▶ _Assignment_:
Skip the pictures. Retype exactly, and only, the lines between the line holding "5post по адресу" and the last line below, inclusive.
----- Task material -----
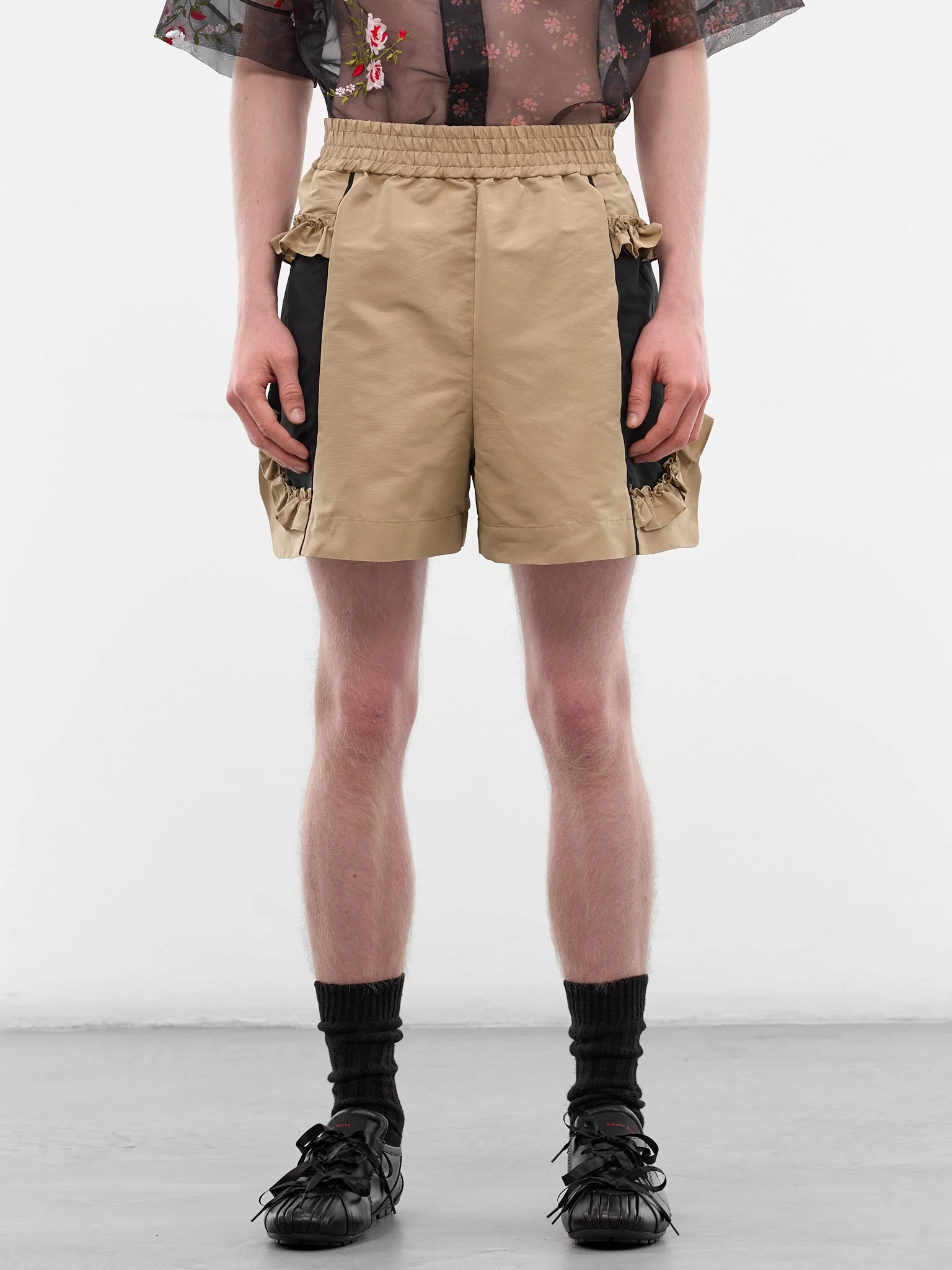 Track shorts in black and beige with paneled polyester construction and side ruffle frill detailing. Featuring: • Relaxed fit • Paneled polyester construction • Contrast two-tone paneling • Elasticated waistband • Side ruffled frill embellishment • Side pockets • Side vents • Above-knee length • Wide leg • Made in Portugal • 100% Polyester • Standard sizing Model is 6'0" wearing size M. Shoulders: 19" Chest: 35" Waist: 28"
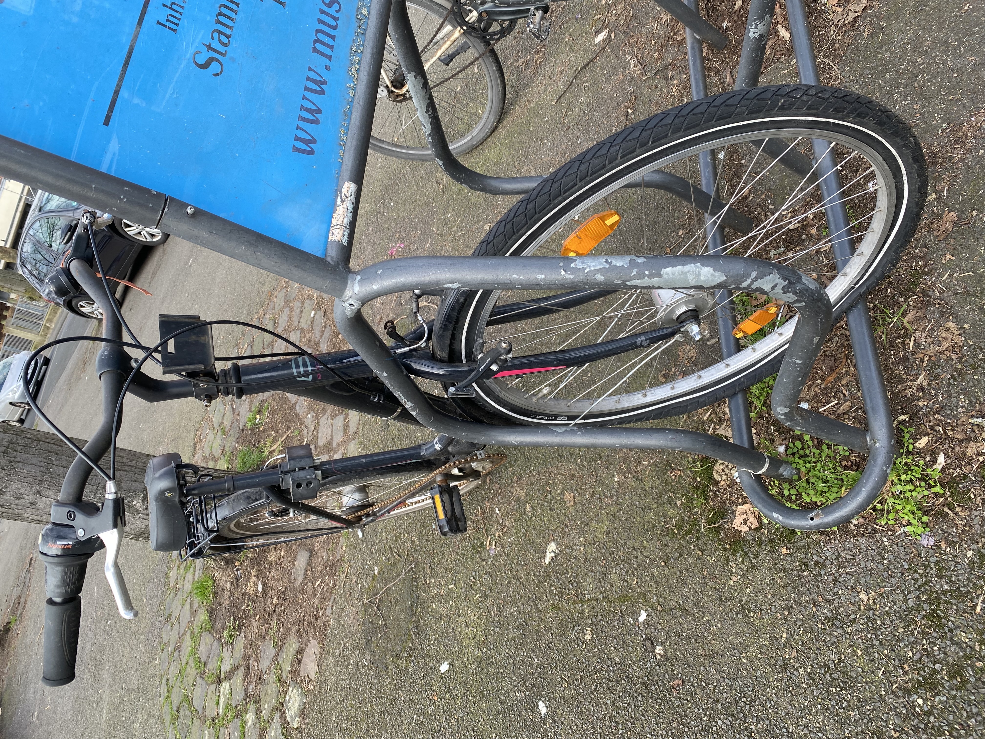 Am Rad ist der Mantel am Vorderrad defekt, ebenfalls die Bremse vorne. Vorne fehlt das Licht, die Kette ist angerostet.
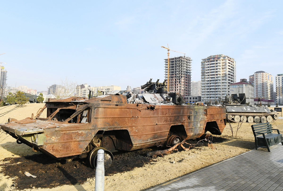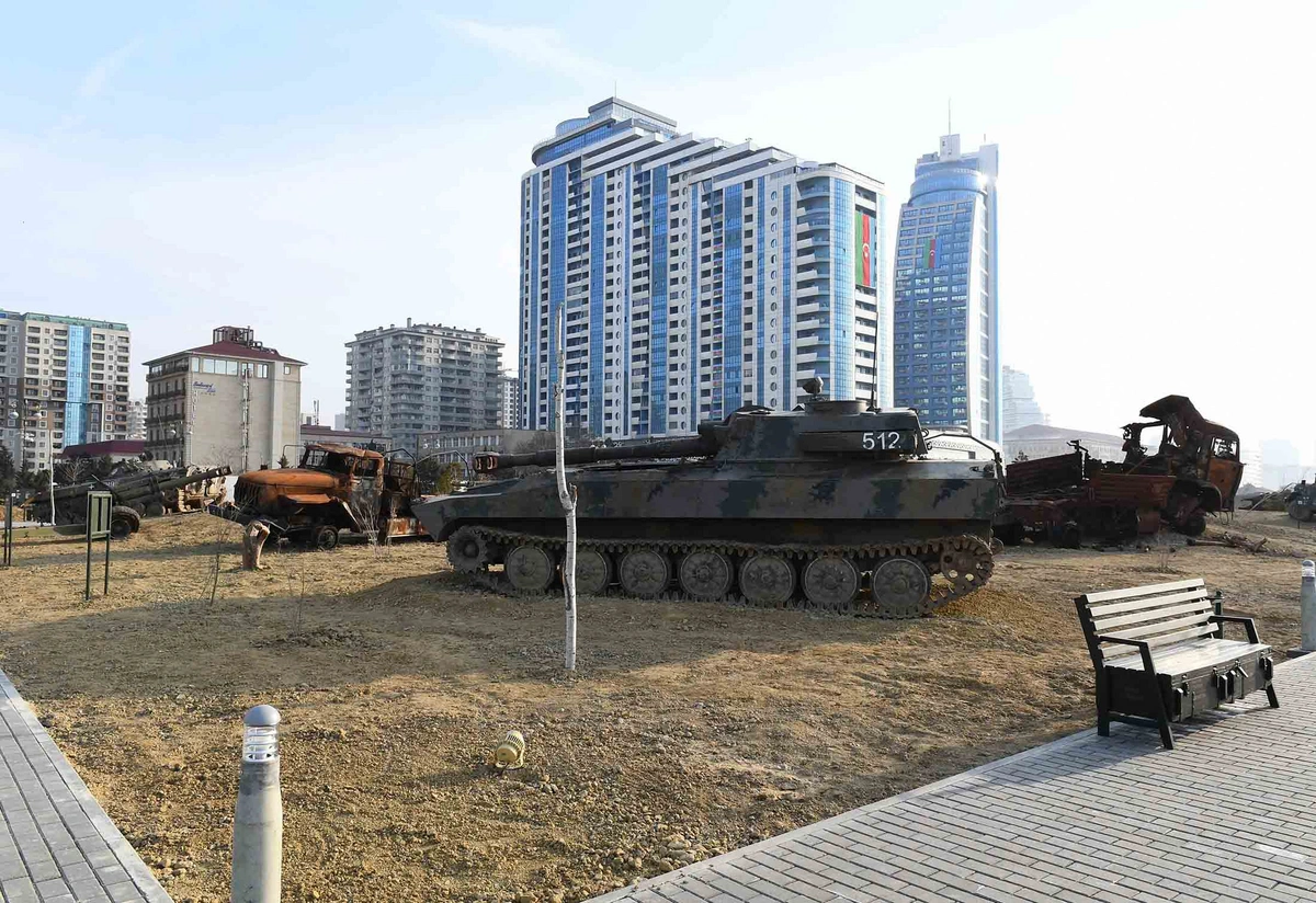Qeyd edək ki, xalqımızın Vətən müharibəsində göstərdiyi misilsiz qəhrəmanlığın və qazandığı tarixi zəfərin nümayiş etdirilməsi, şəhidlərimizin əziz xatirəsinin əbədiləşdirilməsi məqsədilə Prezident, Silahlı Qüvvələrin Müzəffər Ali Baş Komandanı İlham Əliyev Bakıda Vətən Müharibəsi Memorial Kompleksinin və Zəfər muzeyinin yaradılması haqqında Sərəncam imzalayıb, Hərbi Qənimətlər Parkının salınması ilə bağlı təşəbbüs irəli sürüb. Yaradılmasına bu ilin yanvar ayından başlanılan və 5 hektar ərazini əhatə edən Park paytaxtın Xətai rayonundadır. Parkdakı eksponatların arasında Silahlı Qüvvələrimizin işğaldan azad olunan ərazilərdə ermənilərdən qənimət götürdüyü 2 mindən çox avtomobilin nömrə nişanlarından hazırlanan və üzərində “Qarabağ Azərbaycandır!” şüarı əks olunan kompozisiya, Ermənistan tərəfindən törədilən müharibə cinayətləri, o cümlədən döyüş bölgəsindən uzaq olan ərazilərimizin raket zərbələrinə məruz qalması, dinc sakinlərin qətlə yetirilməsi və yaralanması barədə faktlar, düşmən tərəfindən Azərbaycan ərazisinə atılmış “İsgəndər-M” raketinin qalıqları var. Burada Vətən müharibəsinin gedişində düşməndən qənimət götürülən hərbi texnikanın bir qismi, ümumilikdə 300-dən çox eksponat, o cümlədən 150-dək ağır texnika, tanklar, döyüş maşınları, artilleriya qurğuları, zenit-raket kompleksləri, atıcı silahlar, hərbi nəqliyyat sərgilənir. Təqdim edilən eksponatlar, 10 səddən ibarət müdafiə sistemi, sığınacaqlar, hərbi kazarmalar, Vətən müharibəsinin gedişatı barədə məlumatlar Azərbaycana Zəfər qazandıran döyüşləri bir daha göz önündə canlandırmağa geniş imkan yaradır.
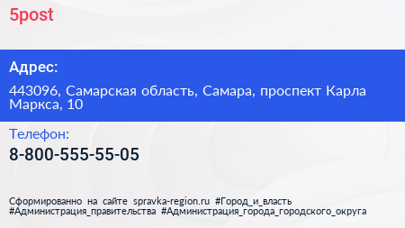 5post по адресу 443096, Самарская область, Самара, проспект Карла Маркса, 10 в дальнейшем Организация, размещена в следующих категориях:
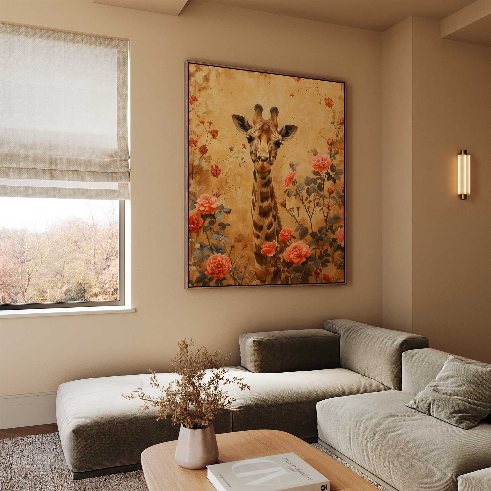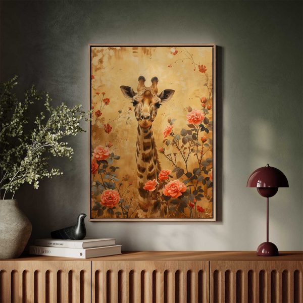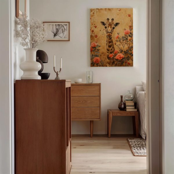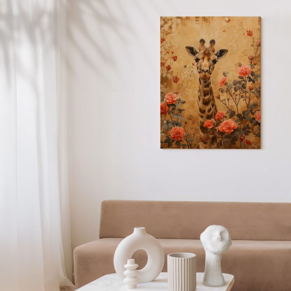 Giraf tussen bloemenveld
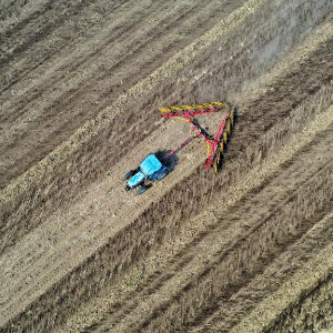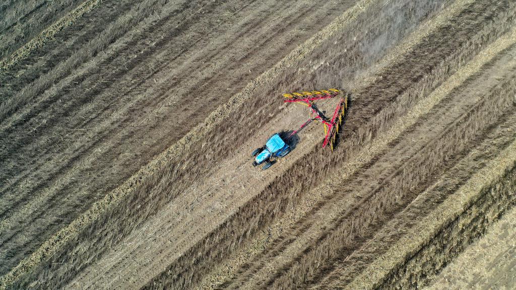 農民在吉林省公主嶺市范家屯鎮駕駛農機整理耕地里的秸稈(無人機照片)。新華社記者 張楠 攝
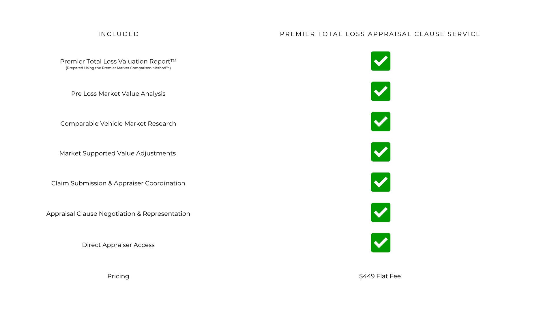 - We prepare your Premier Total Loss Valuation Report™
-----
▶ _Written answer_:
 5post по адресу 443096, Самарская область, Самара, проспект Карла Маркса, 10 в дальнейшем Организация, размещена в следующих категориях:
 Giraf tussen bloemenveld
 農民在吉林省公主嶺市范家屯鎮駕駛農機整理耕地里的秸稈(無人機照片)。新華社記者 張楠 攝
 - We prepare your Premier Total Loss Valuation Report™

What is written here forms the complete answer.